The two Paintings of the Santa Maria delle Grazie

Milan, Italy

Thursday, October 3rd, 2019

The cobblestone Piazza in front of the famous church buzzed with small clusters of tourists and a singular postcard seller. The air was brisk, the jacket of my five-year-old sister flapping as she twirled; impatient, filled with boundless energy. The great bricked arches of the church soared above us. The church Santa Maria Delle Grazie; Holy Mary of Grace.

Our tickets carried us through quiet corridors inside, windows peering out into the gardens beyond until at last the automated doors deposited us into a long dark room with a vaulted ceiling. Lingerings of paint whispered over the walls, echos of further work, once great, now gone to the call of time.

The air was hushed as footsteps turn away to the right side of the room, drawn to the painting on the far wall like pins to a magnet. You need not read the plaque below it to know its name.

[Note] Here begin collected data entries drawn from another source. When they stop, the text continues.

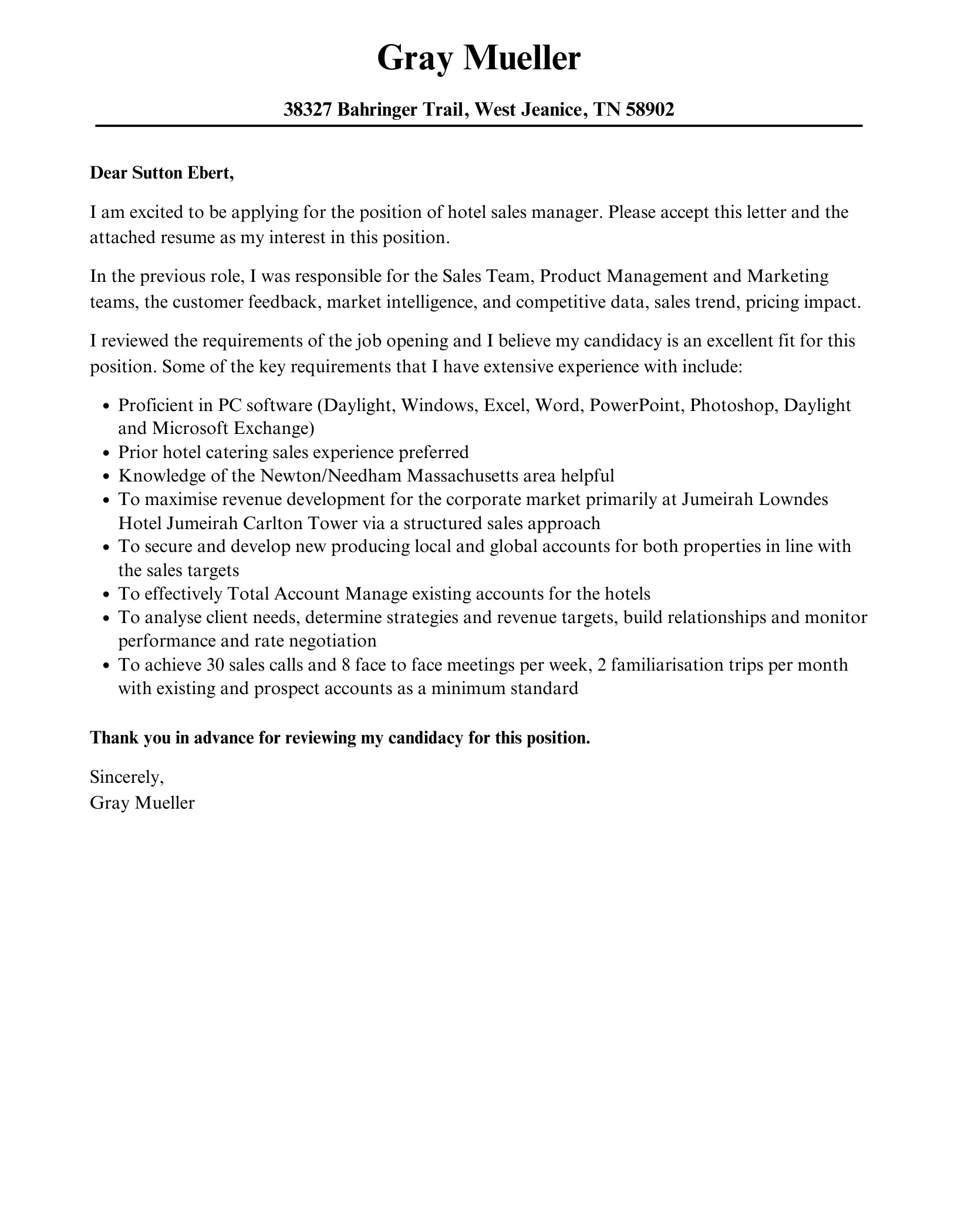 Focus on how you can solve the hotel’s challenges and contribute to its success. Review the job description carefully and identify the key requirements and responsibilities. In your cover letter, address these points directly and provide evidence of your ability to meet them. For example, if the job description mentions a need to increase group sales, explain how you have successfully done so in the past and how you would approach the challenge at this hotel. If the hotel is focused on improving customer satisfaction, highlight your experience in building client relationships and exceeding expectations. Tailor your letter to match the specific needs of the hotel to show you are the right fit for the role.
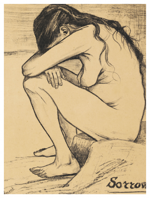 〈슬픔〉 1882년, 연필 스케치, 44.5×27cm. 1885년 4월 말에 〈감자 먹는 사람들〉을 그렸다. 이것은 그가 처음 시도해보는 대규모 구성 작품이었다. 이 그림은 어두운 색조를 띠고 있는데, 그 후로 밝은 색채의 필요성을 느끼게 되었다.
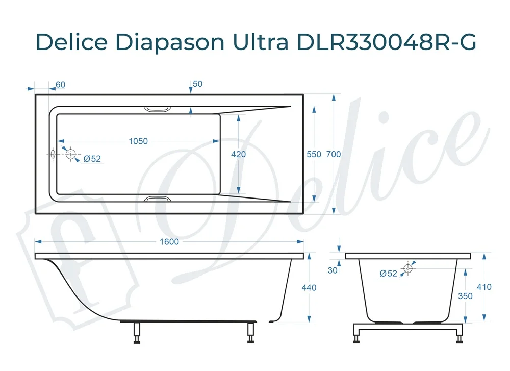 Delice Diapason Ultra 160х70 с глянцевым покрытием выпускается в 2-х модификациях:

The Last Supper, by Leonardo da Vinci, covered the entire wall from end to end. The illusion of its angles seeming to extend the room into an even longer hall, ending with a trio of windows looking out over a hillside. Soft shades warmed the faces of the almost life-size people, their expressions ranging from distraught and confused to angry and accusing. It was the moment when Jesus revealed to the disciples that one of them would betray him, reimaged by Leonardo, captured with lifelike grace in careful brushstrokes of fresco paint.

Such fame, such talent, such lovely art portrayed before the silently awed crowd below.

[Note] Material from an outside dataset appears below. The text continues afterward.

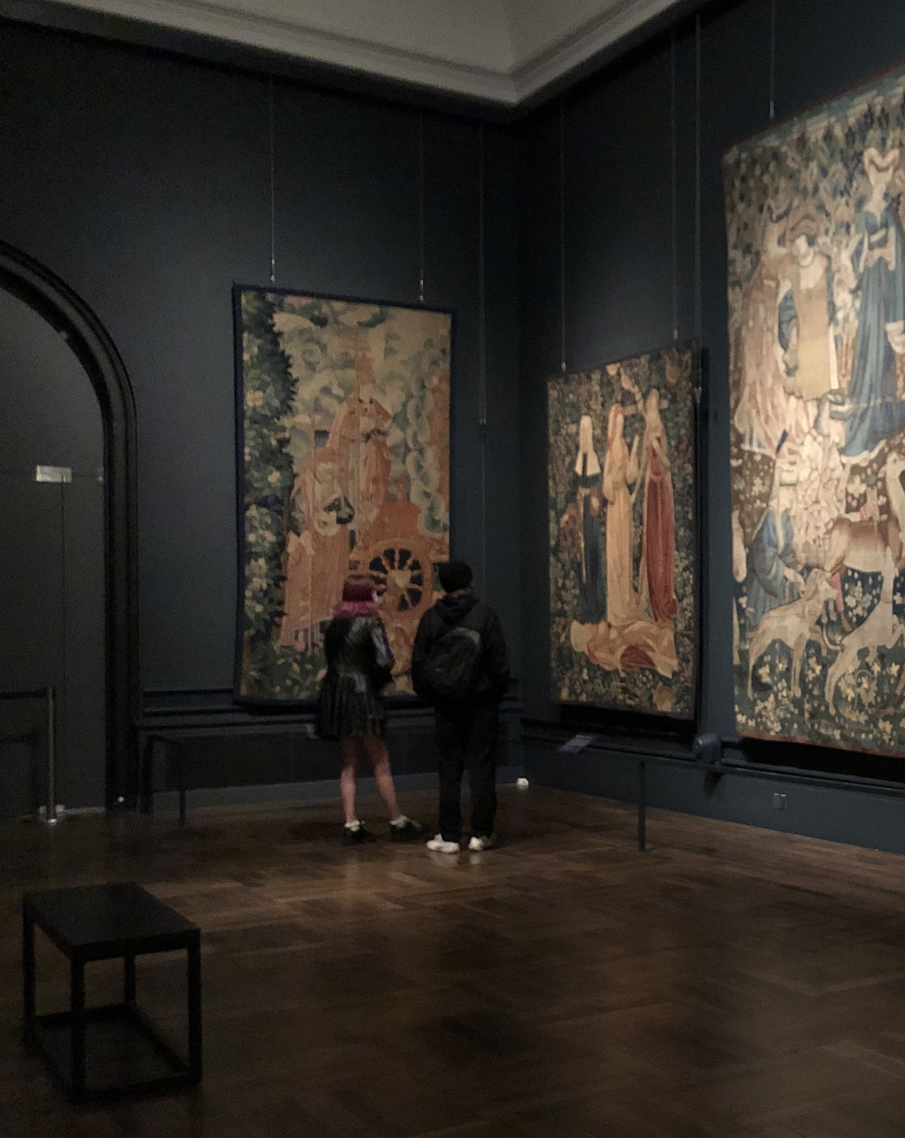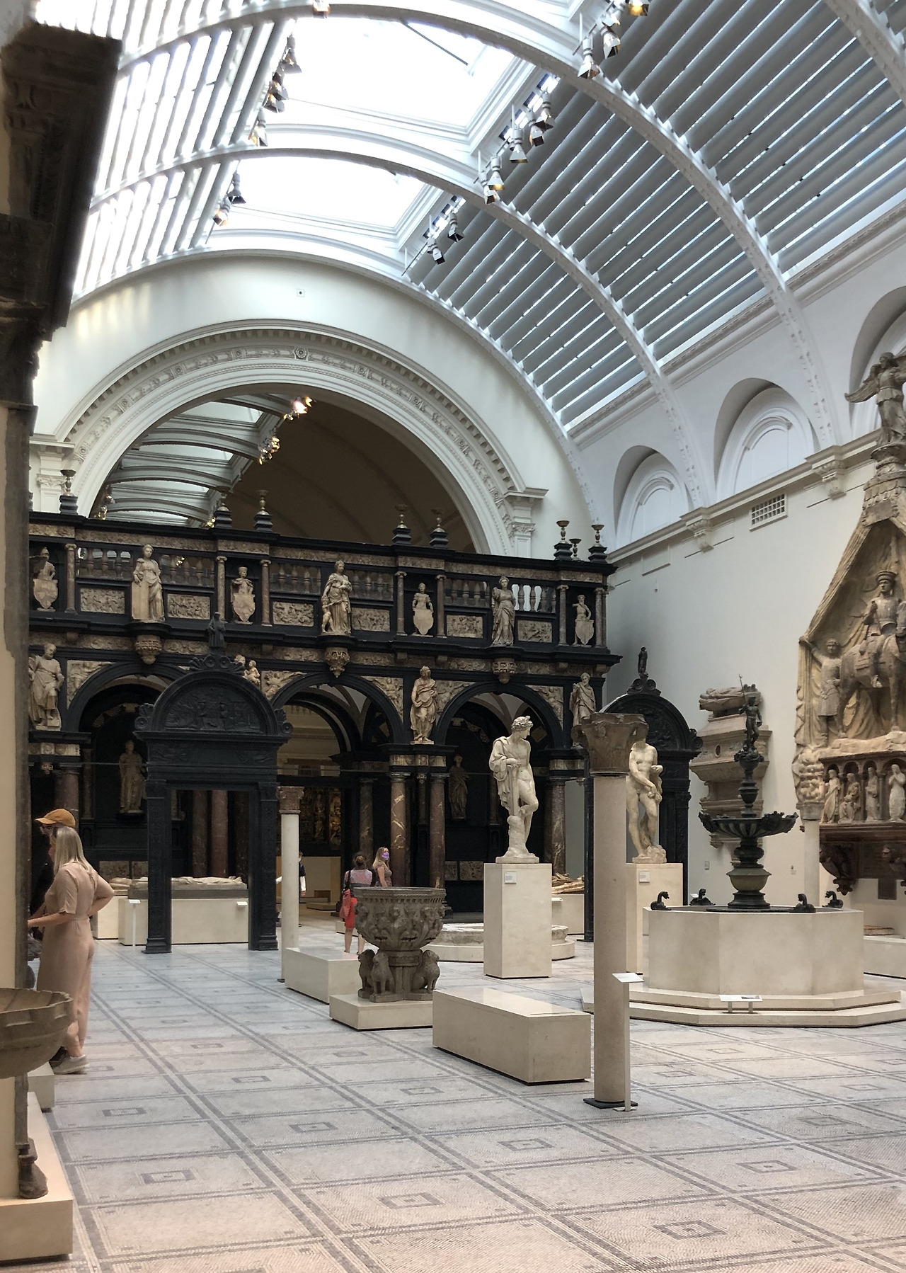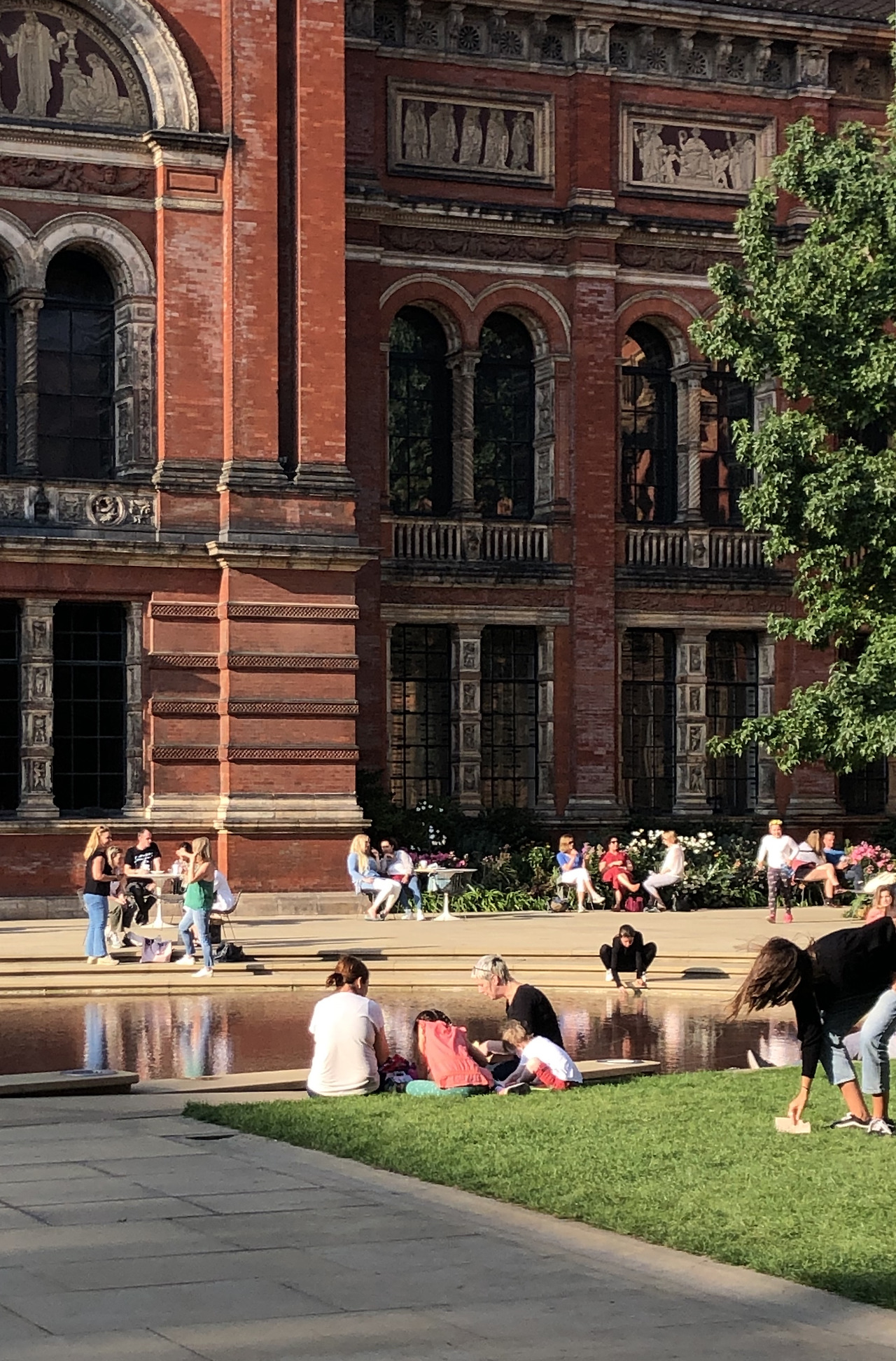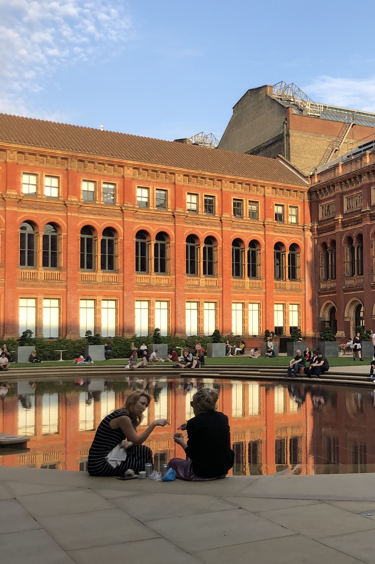하이드파크를 한참 걸어 피곤한 상태에서 들어갔는데, ㅁ자 구조의 미술관 한가운데 있는 정원이 내 피로를 녹여주었다. 벤치에 자리가 없어도 잔디밭이나 분수대 모서리에 철퍼덕 앉아 편하게 쉴 수 있는 곳이다. V&A 뮤지엄에 대한 첫 번째 기억은 쉼터였다.

But turn away, turn away if you can, from the household name that finds itself in history books, textbooks, novels, and essays beyond what it’s painter had ever imagined.

Down the long, dim hall of Santa Maria Delle Grazie, far on the other end, you will find another work of art.

There is no crowd flashing cell-phone cameras clustered below this painting, resting a mere hundred feet away from its companion.

I see only one person paused before it as I approach. They study it for a moment, glance at the plaque, and then turn away, leaving me the solitary onlooker.

Crucifixion, painted by Giovanni Donato da Montorfano in fresco, the plaque reads.

While the last supper gives off an air of simplicity, Crucifixion is crowded with the figures of many people. Horses, soldiers, men, and women. They seem a confused sea about the base of the three crosses that rise above the scene. The cross in the middle of the scene holds Jesus, going through the event he foretold in the painting on the opposite wall. From his figure, one’s gaze is drawn downwards, to where Mary kneels at the base of the cross, her arms wrapped around it.

It’s strange that this painting is so much lesser known than the Last Supper; it is just as impressive. Outside of this, however, the Last Supper only tells half the story that this hall portrays. Two different moments from the fulfillment of God’s plan, two different paragraphs from the same chapter of history.

Indeed, although they were both painted by different artists, I wonder if they were not meant to be one piece of art. You can still see, after all, the relics of paint on the walls and ceiling of this hall, that likely connected the two paintings at one time.

Two paintings, in the same place, the same size, painted in the same medium, each focusing on the same man.

Yet one is world-famous, and the other many people likely never hear of until they are standing in the room with it. I wonder what Leonardo and Giovanni Donato would think of it.

The success of art, it seems, is not something that can always be apprehended or controlled.